Nate Silver vs. the Mittmentum Mountaineers

As Election Day approaches and the nation continues to whip itself into a collective frenzy, there sometimes seems to be only one guy in all of our national media who hasn’t succumbed to the wild swing of emotions that has captured everyone else.

Nate Silver, of the New York TimesFiveThirtyEight blog, has been posting daily with updates from swing-state polls. And even while most of the media have gleefully jumped aboard the “momentum is shifting to Mitt Romney” train, Silver has calmly continued to insist on using real data, instead of relying on phantasmic predilections of victory based on rally turnouts in random Ohio towns. This latter course is essentially what national campaign reporters, always desperate for a more sensational story, have been doing, and it’s quite possible that the collective content of their coverage actually will help make the race closer. But if that happens, it will be due, ironically enough, to their own misreading (or woeful ignorance) of existing polls, not because they were right in the first place.

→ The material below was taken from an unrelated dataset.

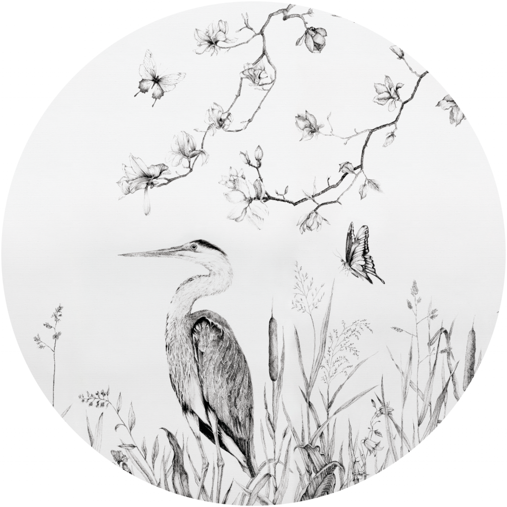 Heron to delikatny, szczegółowy rysunek natury, skupiający się na przedstawieniu czapli wśród traw i kwiatów, z gałązkami drzew i różnorodnymi owadami w tle. Kompozycja jest wykonana w monochromatycznej tonacji, co podkreśla precyzję i subtelność detali. Centralnym elementem wzoru jest czapla, która stoi majestatycznie w wysokiej trawie, otoczona przez liście, kwiaty i trzciny. Każdy element przyrody jest starannie odwzorowany, z dbałością o realistyczne przedstawienie tekstur i form. Heron idealnie wpasuje się w różnorodne style wnętrz, dodając im naturalnego, spokojnego uroku. W salonie, umieszczony nad sofą lub kominkiem, stworzy atmosferę relaksu i harmonii, nawiązując do piękna przyrody. W sypialni może wprowadzić uczucie spokoju i odprężenia, idealne do stworzenia oazy ciszy i wypoczynku.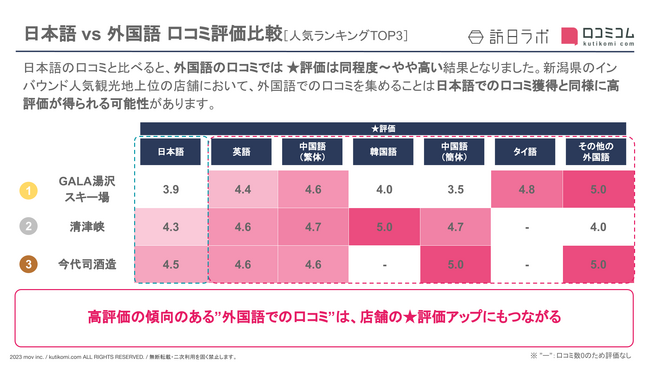 日本語の口コミと比べると、外国語の口コミでは ★評価は同程度~やや高い結果となりました。新潟県のインバウンド人気観光地上位の店舗において、外国語での口コミを集めることは日本語での口コミ獲得と同様に高評価が得られる可能性があります。

According to Silver, as of yesterday Barack Obama was leading in Colorado, Iowa, Nevada, New Hampshire, Ohio, Virginia, and Wisconsin. Mitt Romney, meanwhile, was leading in Florida and North Carolina. If the races end up exactly that way in the end (see interactive map here), Obama will win with 303 electoral votes to Mitt Romney’s 235, easily surpassing the requisite 270 to win reelection. In fact, Obama could even lose the three additional states in which Nate Silver’s model gives him the smallest leads: Colorado (58% probability of winning), Virginia (60%), and New Hampshire (70%). (Remember, these figures represent the likelihood that Obama will win these states, not the percentage he’s receiving in head-to-head polls. Example: Obama is expected to win 58% of the actual vote in Massachusetts, but Silver estimates his probability of winning the state at 100% because there is virtually no possibility that the polls will shift significantly enough before the election to cause him to lose there.) In other words, even if Romney took those three states — Colorado, Virginia, and New Hampshire — as well as Florida and North Carolina, the final electoral vote count would nevertheless give 277 to Obama and 261 to Romney, thereby granting the president a second term. The media may be intent on creating a wild photo-finish, but Silver’s analysis suggests Obama’s still in a fairly good spot.